The complexity of those arrangements became obvious during the 2014-15 L.A. slowdown. Maersk routed some of its massive ships through Vancouver, Canada — but so did its competitors. Soon enough, Vancouver became overwhelmed too.
Simpson says the “severe congestion that we saw last year has been a non-issue” at L.A. ports this year. He doesn’t see any broader threat to the region’s status as a powerhouse.
“I don’t know how anyone could predict a day when L.A. and Long Beach aren’t the main hub. So much of the supply chains of global shippers are built around using those ports,” Simpson said.
Seroka says the first-quarter boom shows that the ports have won back the trust of customers.
“I cannot attest that we gained every container back, but we have made a strong effort to gain a majority of that cargo back,” he said.
Romy Taormina is not convinced. Her Pacific Grove-based company, Psi Bands, used to send 100% of its Chinese-made wristbands, which are designed to ease nausea, on ships that went first to Southern California and then up to Oakland.
Now she pays five times the price of ocean shipping to fly the vast majority of the bands in from China.
“I have been gun-shy to send shipments through Southern California,” she says.
Taormina says she can’t afford to anger customers like Target or REI. “It’s more difficult for early stage companies to survive these types of major hiccups.”
Other considerations could shape the ports’ competitive position.
The International Longshore and Warehouse Union is reviewing a letter sent by the Pacific Maritime Assn., which represents port operators, to begin discussions about extending their current five-year contract, which ends in July 2019. If the two sides come to an early agreement, it would buy labor peace and boost shipper confidence. If they don’t work out an extension, it could portend more strife and disruption.
The PMA confirmed that it sent the letter but did not comment further. The union did not respond to a request for comment.
To the south, a newly expanded Panama Canal offers a different challenge.
In June, nearly two years later than promised, Panama officials plan to open wider, deeper and longer locks that can accommodate some of the largest ships coming to the U.S. That could entice those big ships to bypass Los Angeles and keep sailing to Southeast and East Coast ports.
Around 70% of the goods that land in L.A.-area ports do not stay in Southern California, said O’Connell, the trade economist.

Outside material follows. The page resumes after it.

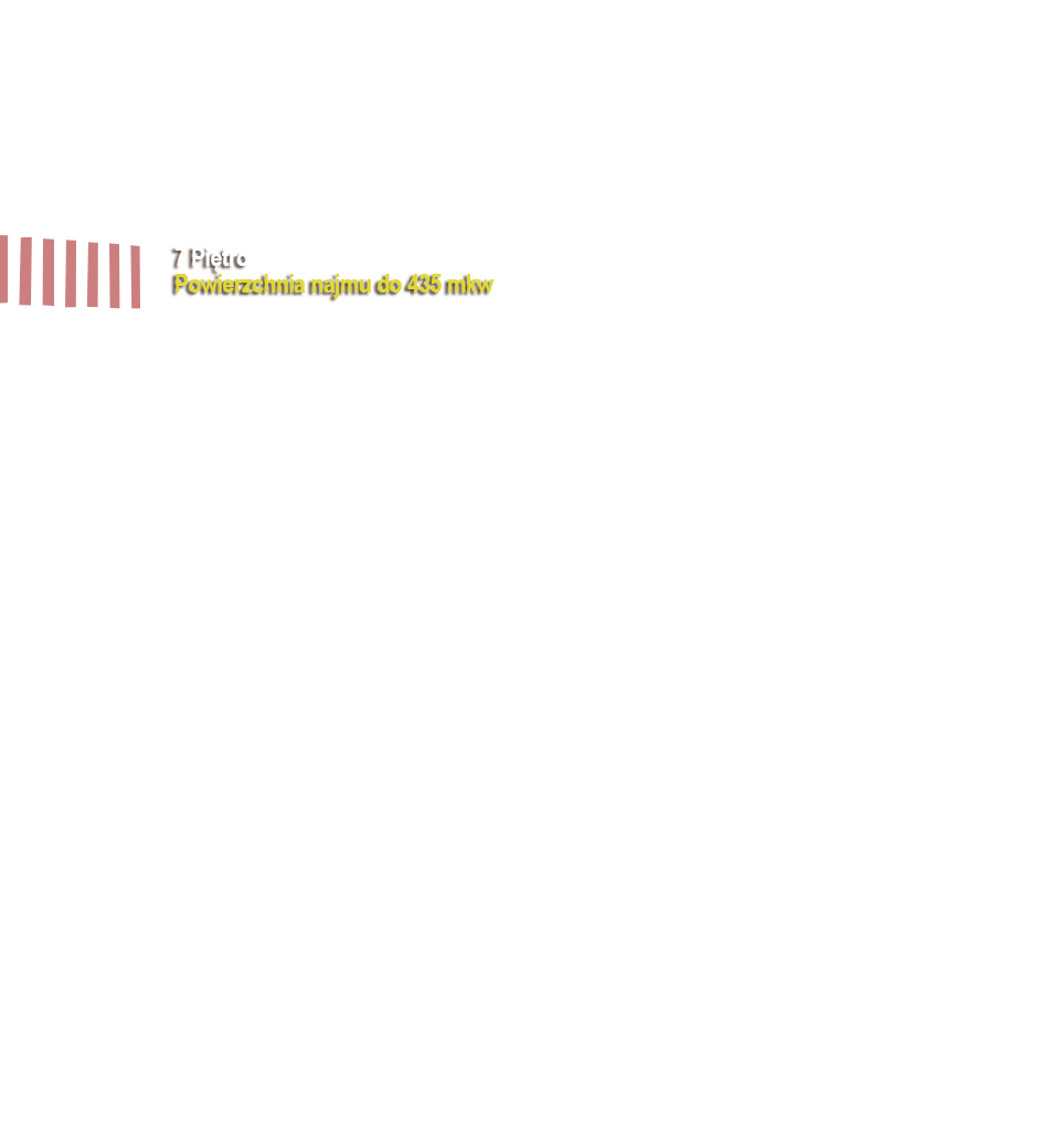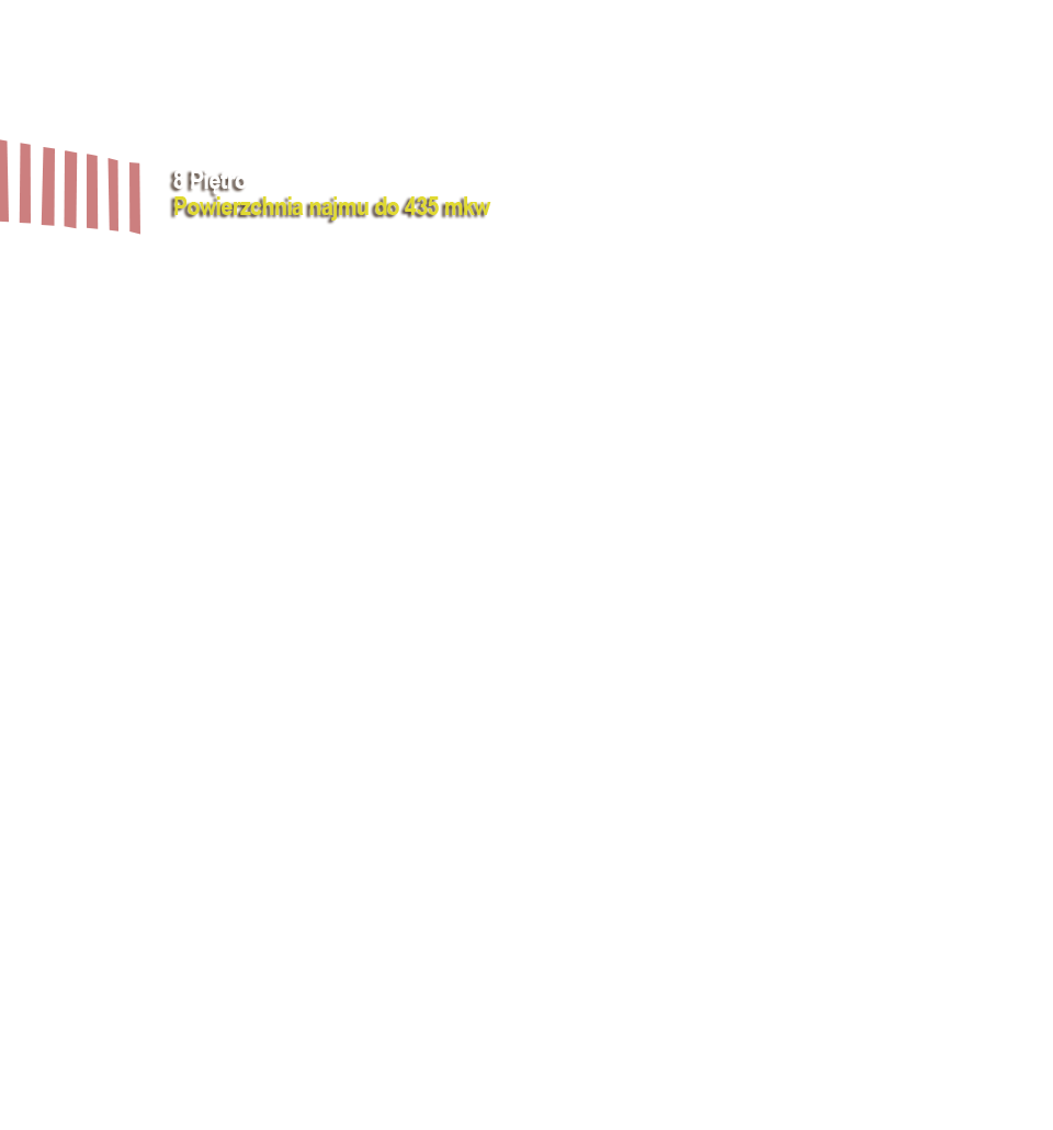 Powierzchnie biurowe b?d? spe?nia? wszelkie wymogi dotycz?ce nowoczesnego standardu klasy AA. Pi?tra biurowe 1 – 5, b?d? dysponowa? powierzchni? o wielko?ci ok. 800 m2, pozosta?e 3 pi?tra ok. 400 m2. Ka?de pi?tro zawiera? b?dzie tak?e trzon pionu (klatka schodowa, 2 windy), lobby, elastyczne powierzchnie biurowe (stosowne do miejsc pracy, sal konferencyjnych, aneksu kuchennego, komfortowego miejsca relaksu) oraz pomieszczenia sanitarne.

But estimates by cargo analysts suggest that only around 5% of those products would be diverted through the canal, because the trip from Shanghai directly to the East Coast is two weeks longer than the one from Asia to Los Angeles, O’Connell said.
In any case, L.A. and Long Beach will probably continue to be the destination for goods that need to get on store shelves quickly, like high-end sneakers, the latest electronics and perishable goods.
“The impact of the new set of locks at Panama will be marginal on L.A. and Long Beach,” said O’Connell, “as long as the West Coast ports operate at relative efficiency.”